## Collected data
--- START ---

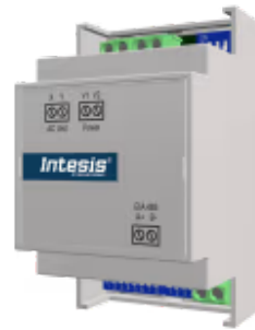
Bosch to Modbus - 1 indoor unit

The Bosch-Modbus interface allows full bidirectional communication between Bosch Commercial and VRF systems and Modbus RTU (RS-485) networks. The interface acts as a server device for the installation, accessing all signals from the air conditioner unit.
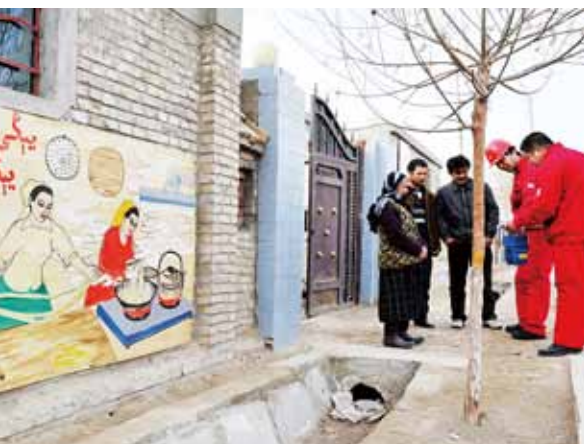
Kokia operating area pipeline inspection
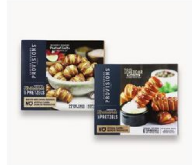
Eastern Standard Provisions Frozen Pretzels 5.25-13.3 oz 5.49
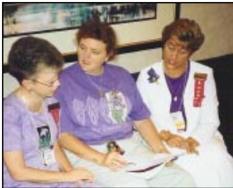
Now, which workshop are we going to next?
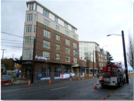
Aegis on Madison

The newest project is Aegis on Madison, owned and operated by Aegis Living. Aegis on Madison is a six-story 102-unit assisted living and memory care community with 1,445 square feet of retail space. The studio and one-bedroom units will feature full kitchens. On-site amenities include a full service dining room, fitness center, activity space and a movie theater. Aegis on Madison is located between the Capitol Hill and Madison Park neighborhoods. Reservations began early in 2014.
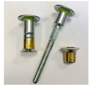
Countersunk Hucktainer Collar

Star Fasteners can colour match to hundreds of different colours, but we also stock a wide range of standard colours ready for dispatch."
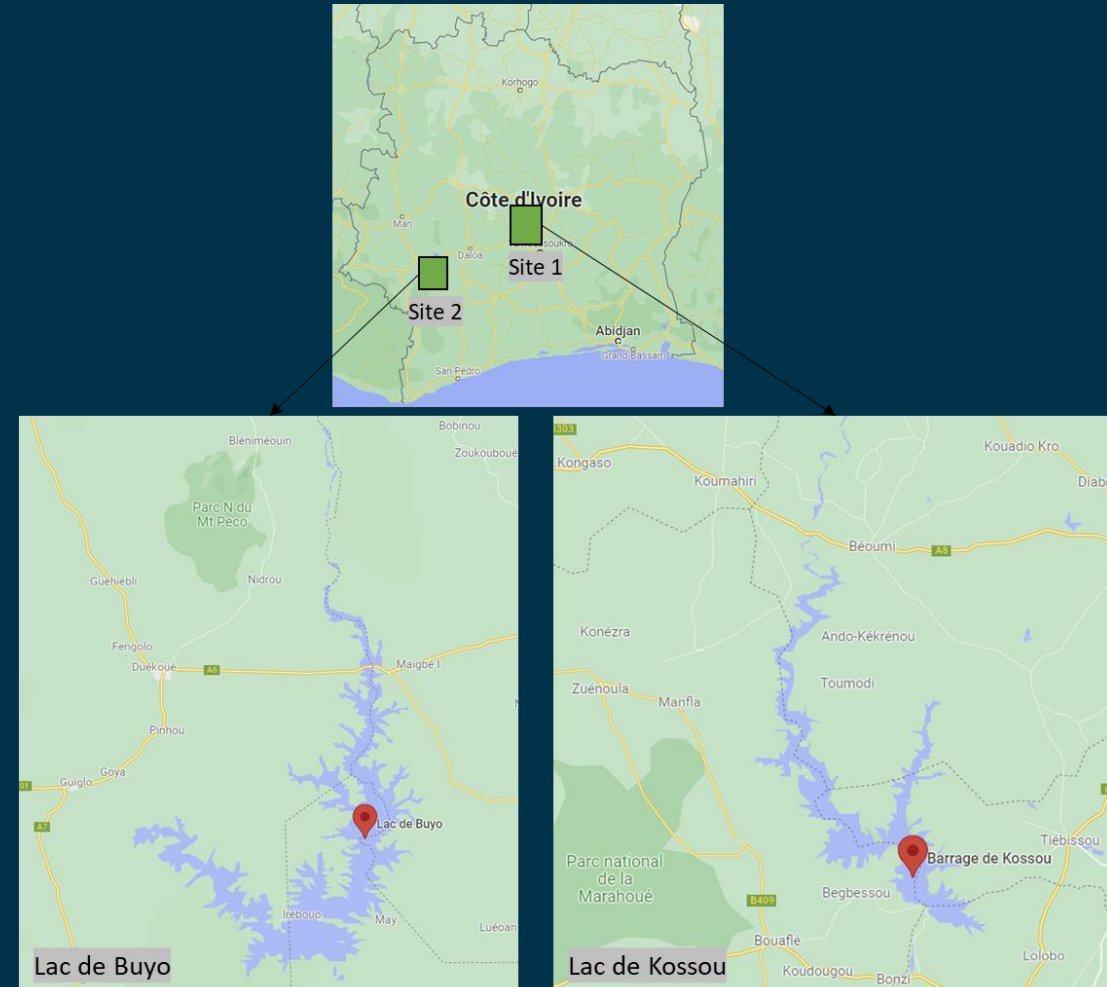
Figure 3 : geographic location of the two lakes (Buyo and Kossou)

--- END ---

## PROBLEM REQUIREMENTS
Copy every entry exactly, leaving out the pictures.

## WORKED SOLUTION
Bosch to Modbus - 1 indoor unit

The Bosch-Modbus interface allows full bidirectional communication between Bosch Commercial and VRF systems and Modbus RTU (RS-485) networks. The interface acts as a server device for the installation, accessing all signals from the air conditioner unit.
Kokia operating area pipeline inspection
Eastern Standard Provisions Frozen Pretzels 5.25-13.3 oz 5.49
Now, which workshop are we going to next?
Aegis on Madison

The newest project is Aegis on Madison, owned and operated by Aegis Living. Aegis on Madison is a six-story 102-unit assisted living and memory care community with 1,445 square feet of retail space. The studio and one-bedroom units will feature full kitchens. On-site amenities include a full service dining room, fitness center, activity space and a movie theater. Aegis on Madison is located between the Capitol Hill and Madison Park neighborhoods. Reservations began early in 2014.
Countersunk Hucktainer Collar

Star Fasteners can colour match to hundreds of different colours, but we also stock a wide range of standard colours ready for dispatch."
Figure 3 : geographic location of the two lakes (Buyo and Kossou)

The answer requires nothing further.